The registrant has adopted a code of ethics, as defined in Item 2 of Form N-CSR, applicable to its principal executive officer, principal financial officer, principal accounting officer or controller, or persons performing similar functions. A copy of this code of ethics is filed as an exhibit to this Form N-CSR. No substantive amendments were approved or waivers were granted to this code of ethics during the period covered by this report.
Item 3. Audit Committee Financial Expert.
The registrant’s Board of Directors/Trustees has determined that Mr. Anthony W. Deering qualifies as an audit committee financial expert, as defined in Item 3 of Form N-CSR. Mr. Deering is considered independent for purposes of Item 3 of Form N-CSR.

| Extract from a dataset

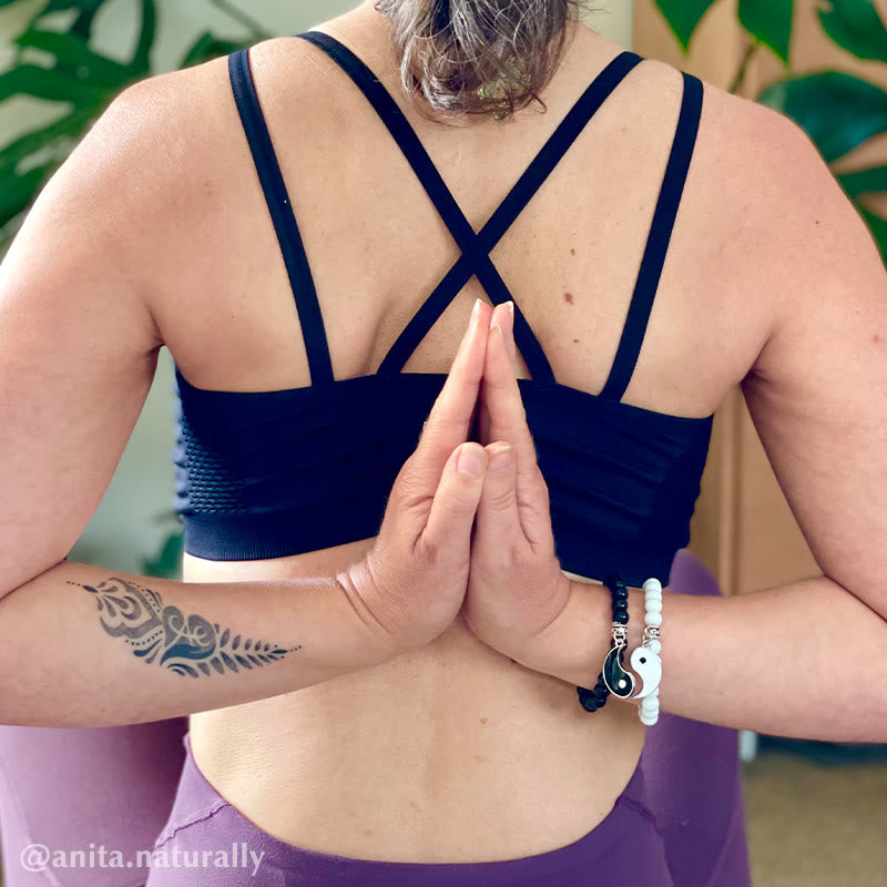 Buddha Stones 2Pcs Black Onyx White Turquoise Bead Yin Yang Protection Couple Bracelet
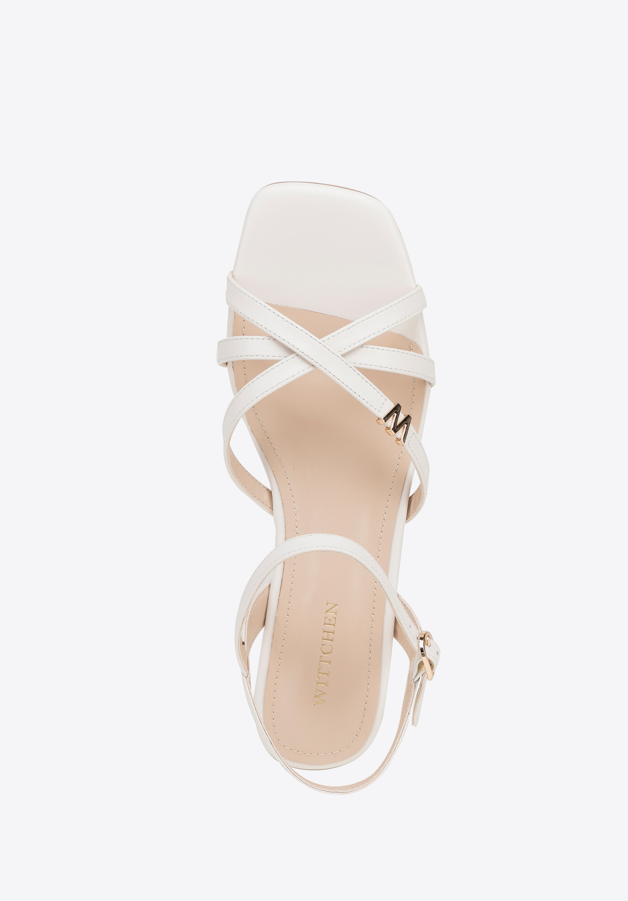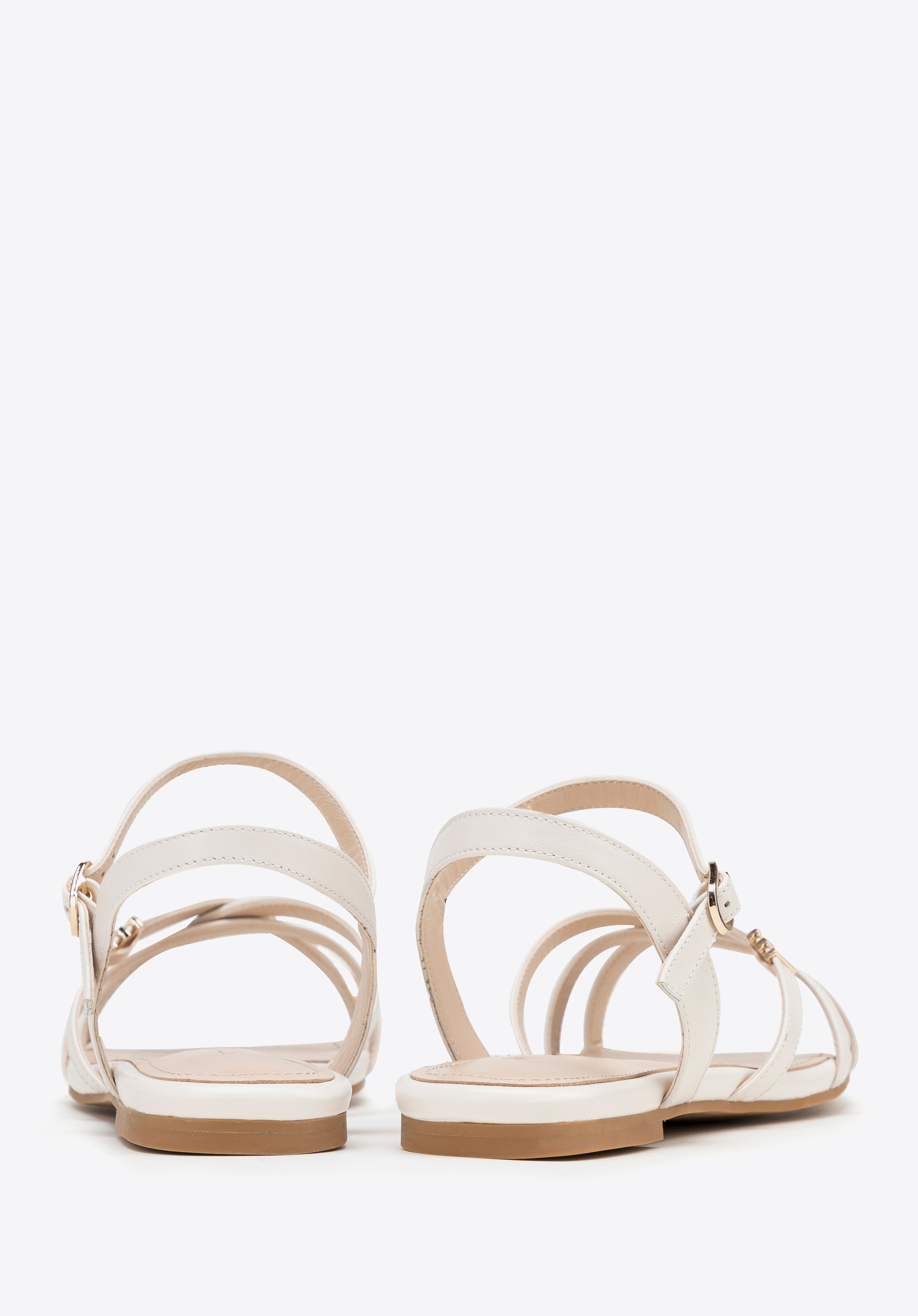 Damen-Sandalen aus Leder mit Kreuzriemen Farbe: Creme

Item 4. Principal Accountant Fees and Services.
(a) – (d) Aggregate fees billed for the last two fiscal years for professional services rendered to, or on behalf of, the registrant by the registrant’s principal accountant were as follows:
Audit fees include amounts related to the audit of the registrant’s annual financial statements and services normally provided by the accountant in connection with statutory and regulatory filings. Audit-related fees include amounts reasonably related to the performance of the audit of the registrant’s financial statements and specifically include the issuance of a report on internal controls and, if applicable, agreed-upon procedures related to fund acquisitions. Tax fees include amounts related to services for tax compliance, tax planning, and tax advice. The nature of these services specifically includes the review of distribution calculations and the preparation of Federal, state, and excise tax returns. All other fees include the registrant’s pro-rata share of amounts for agreed-upon procedures in conjunction with service contract approvals by the registrant’s Board of Directors/Trustees.

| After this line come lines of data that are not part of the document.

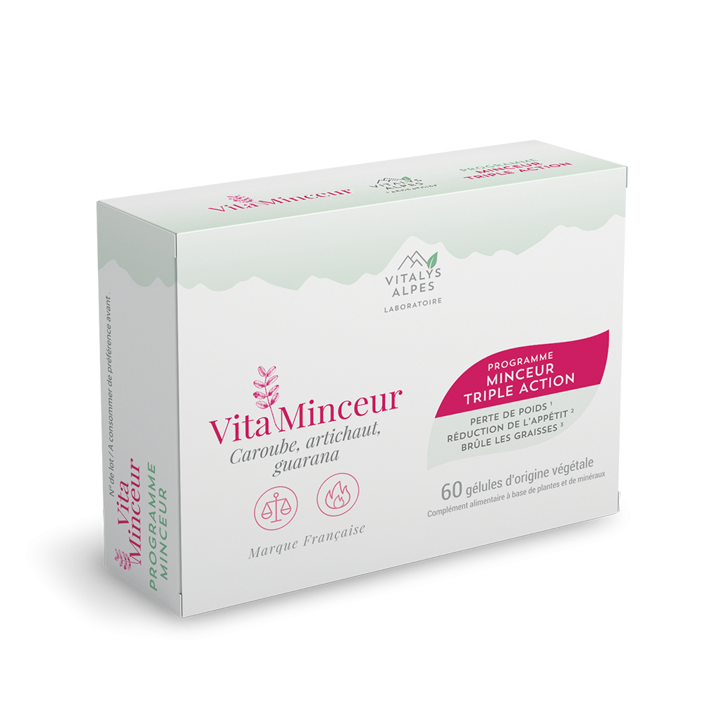 Pour apporter une réponse concrète et efficace à ce phénomène, le laboratoire Vitalys Alpes a formulé́ Vita Minceur, un complément alimentaire complexe innovant à base de plantes, de zinc et de chrome, qui agit sur plusieurs leviers favorisant la perte de poids.
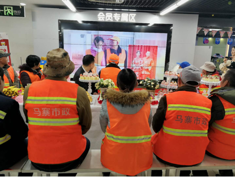 12月24日,位於鄭州市蘇寧易購德化雲店還未到營業時間,店內卻擠滿了前來參加“婚禮”的人,現場顯得温馨又熱鬧。在會員專屬區,大屏幕滾動播放着婚紗照,現場的工作人員為環衞工人們備好了蛋糕、鮮花、水果,一起慶祝他們的“婚禮”。張師傅激動地説,感謝蘇寧易購,實現了自己和老伴多年來的心願。
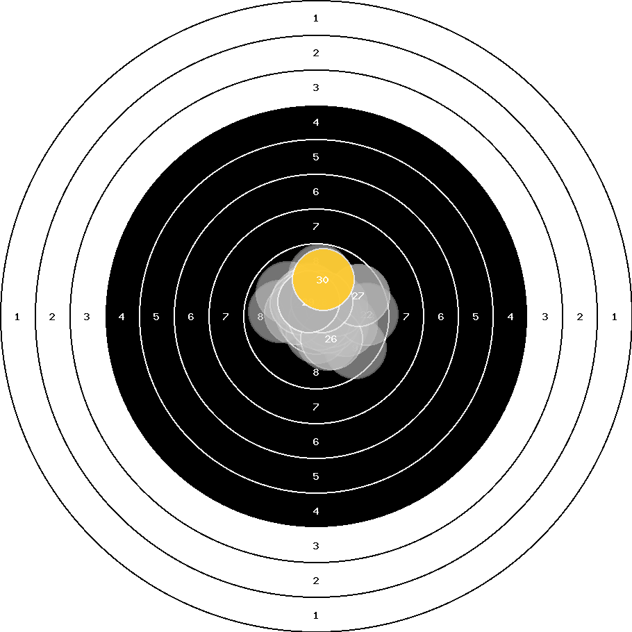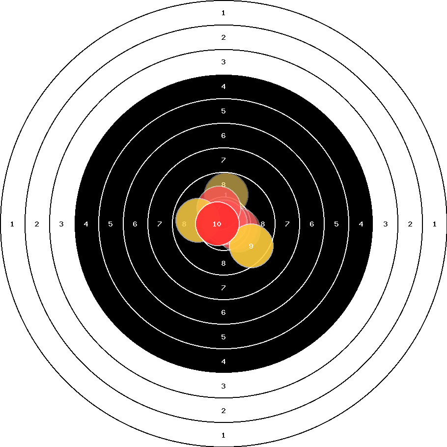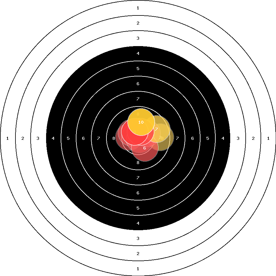 hit position: 0.21 mm rechts, 0.21 mm hoch
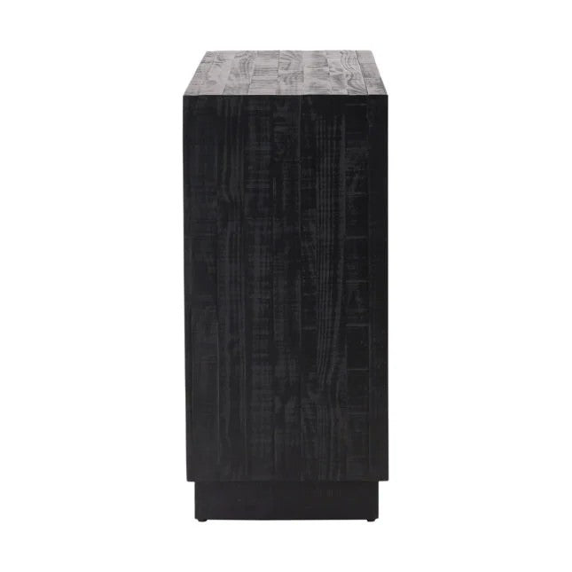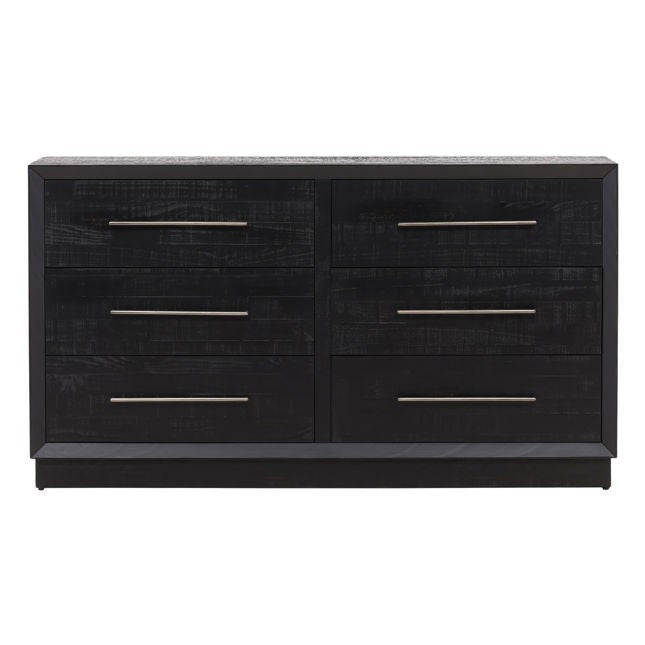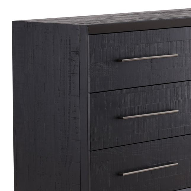 Crafted from reclaimed pine in a modern black paint with nickel handles. Drawers on extension glides. Imported

(e)(1) The registrant’s audit committee has adopted a policy whereby audit and non-audit services performed by the registrant’s principal accountant for the registrant, its investment adviser, and any entity controlling, controlled by, or under common control with the investment adviser that provides ongoing services to the registrant require pre-approval in advance at regularly scheduled audit committee meetings. If such a service is required between regularly scheduled audit committee meetings, pre-approval may be authorized by one audit committee member with ratification at the next scheduled audit committee meeting. Waiver of pre-approval for audit or non-audit services requiring fees of a de minimis amount is not permitted.
(2) No services included in (b) – (d) above were approved pursuant to paragraph (c)(7)(i)(C) of Rule 2-01 of Regulation S-X.

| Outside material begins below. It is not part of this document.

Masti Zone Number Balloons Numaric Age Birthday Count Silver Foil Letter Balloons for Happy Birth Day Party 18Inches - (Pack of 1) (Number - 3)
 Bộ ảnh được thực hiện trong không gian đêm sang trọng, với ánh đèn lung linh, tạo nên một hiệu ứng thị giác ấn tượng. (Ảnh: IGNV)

(f) Less than 50 percent of the hours expended on the principal accountant’s engagement to audit the registrant’s financial statements for the most recent fiscal year were attributed to work performed by persons other than the principal accountant’s full-time, permanent employees.
(g) The aggregate fees billed for the most recent fiscal year and the preceding fiscal year by the registrant’s principal accountant for non-audit services rendered to the registrant, its investment adviser, and any entity controlling, controlled by, or under common control with the investment adviser that provides ongoing services to the registrant were $1,802,000 and $1,764,000, respectively.
(h) All non-audit services rendered in (g) above were pre-approved by the registrant’s audit committee. Accordingly, these services were considered by the registrant’s audit committee in maintaining the principal accountant’s independence.
Item 5. Audit Committee of Listed Registrants.
Not applicable.
Item 6. Investments.
(a) Not applicable. The complete schedule of investments is included in Item 1 of this Form N-CSR.
(b) Not applicable.
Item 7. Disclosure of Proxy Voting Policies and Procedures for Closed-End Management Investment Companies.
Not applicable.
Item 8. Portfolio Managers of Closed-End Management Investment Companies.
Not applicable.
Item 9. Purchases of Equity Securities by Closed-End Management Investment Company and Affiliated Purchasers.
Not applicable.
Item 10. Submission of Matters to a Vote of Security Holders.
Not applicable.
Item 11. Controls and Procedures.
(a) The registrant’s principal executive officer and principal financial officer have evaluated the registrant’s disclosure controls and procedures within 90 days of this filing and have concluded that the registrant’s disclosure controls and procedures were effective, as of that date, in ensuring that information required to be disclosed by the registrant in this Form N-CSR was recorded, processed, summarized, and reported timely.
(b) The registrant’s principal executive officer and principal financial officer are aware of no change in the registrant’s internal control over financial reporting that occurred during the registrant’s second fiscal quarter covered by this report that has materially affected, or is reasonably likely to materially affect, the registrant’s internal control over financial reporting.
Item 12. Exhibits.
(a)(1) The registrant’s code of ethics pursuant to Item 2 of Form N-CSR is attached.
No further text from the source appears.